◆ TASK DETAILS
The full listing, returned exactly and free of pictures, is the expected answer.

◆ RAW DATA
◇ ◇ ◇ ◇ ◇ ◇ ◇

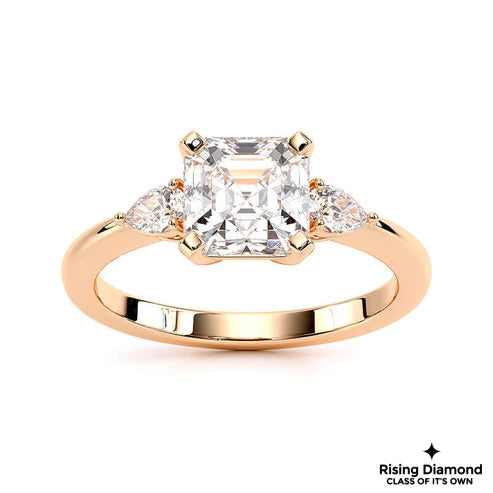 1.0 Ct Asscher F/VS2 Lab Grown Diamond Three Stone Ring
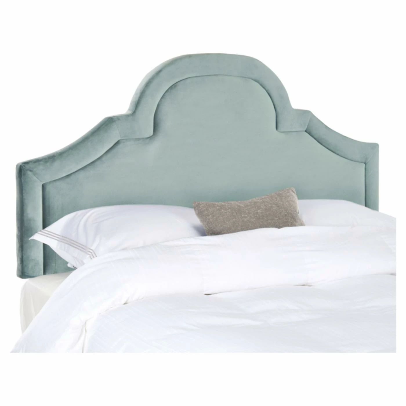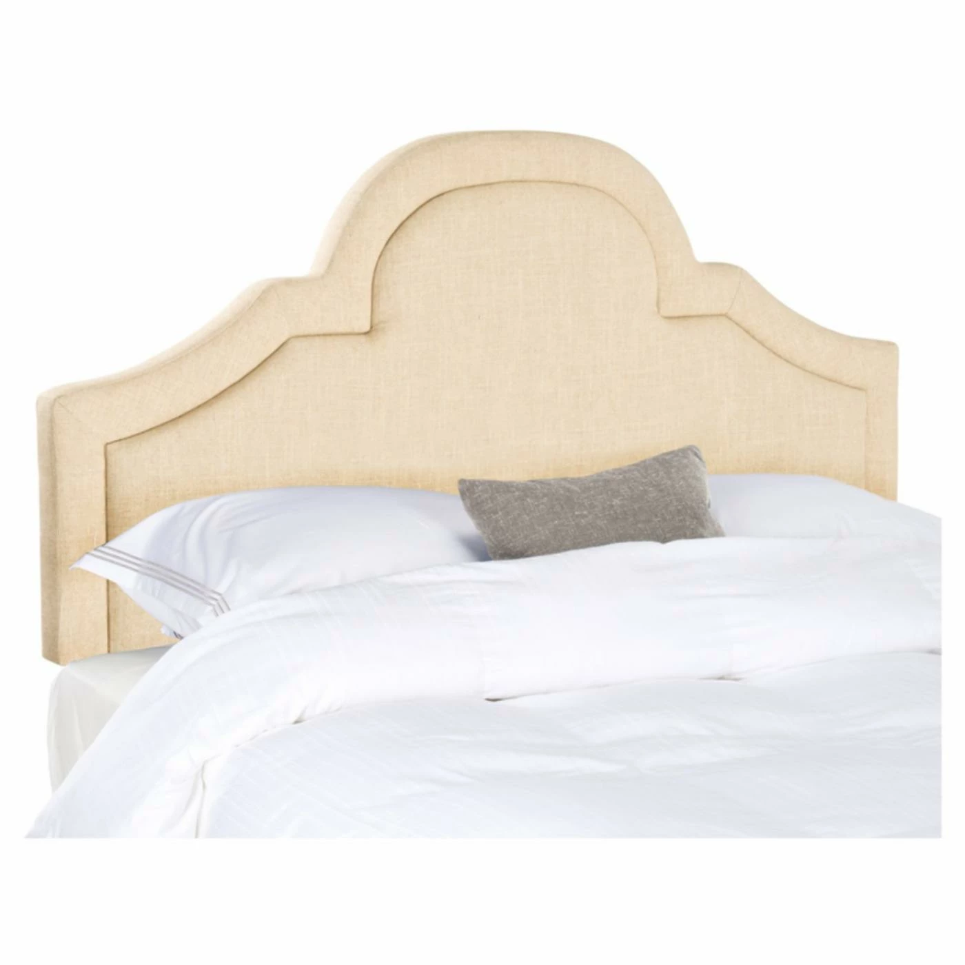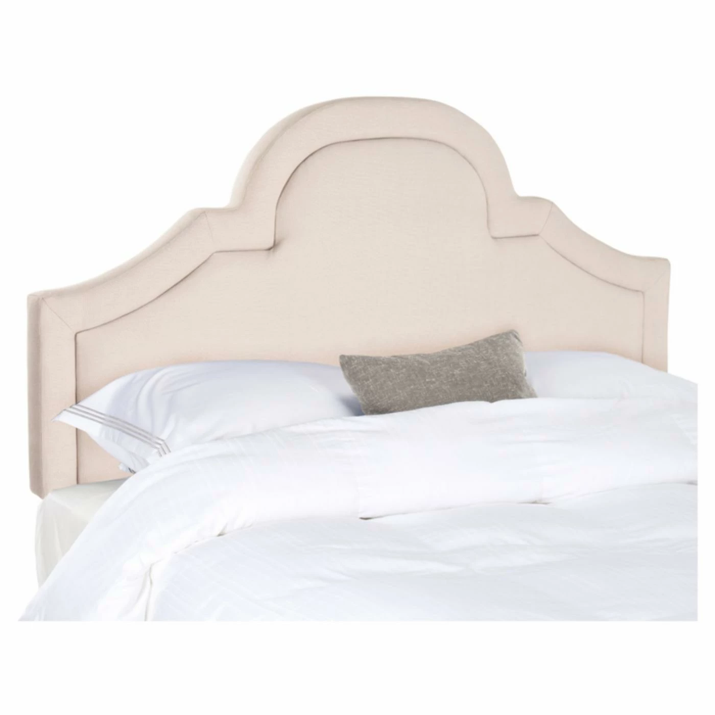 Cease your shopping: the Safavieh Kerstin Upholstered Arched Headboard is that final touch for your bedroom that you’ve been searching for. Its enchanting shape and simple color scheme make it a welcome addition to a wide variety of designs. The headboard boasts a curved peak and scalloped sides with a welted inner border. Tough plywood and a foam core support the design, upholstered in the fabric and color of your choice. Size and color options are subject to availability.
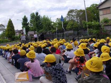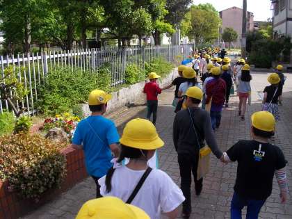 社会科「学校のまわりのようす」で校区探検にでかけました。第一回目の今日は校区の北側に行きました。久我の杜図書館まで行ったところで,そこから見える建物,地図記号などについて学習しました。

◇ ◇ ◇ ◇ ◇ ◇ ◇

◆ TASK ANSWER
 1.0 Ct Asscher F/VS2 Lab Grown Diamond Three Stone Ring
 Cease your shopping: the Safavieh Kerstin Upholstered Arched Headboard is that final touch for your bedroom that you’ve been searching for. Its enchanting shape and simple color scheme make it a welcome addition to a wide variety of designs. The headboard boasts a curved peak and scalloped sides with a welted inner border. Tough plywood and a foam core support the design, upholstered in the fabric and color of your choice. Size and color options are subject to availability.
 社会科「学校のまわりのようす」で校区探検にでかけました。第一回目の今日は校区の北側に行きました。久我の杜図書館まで行ったところで,そこから見える建物,地図記号などについて学習しました。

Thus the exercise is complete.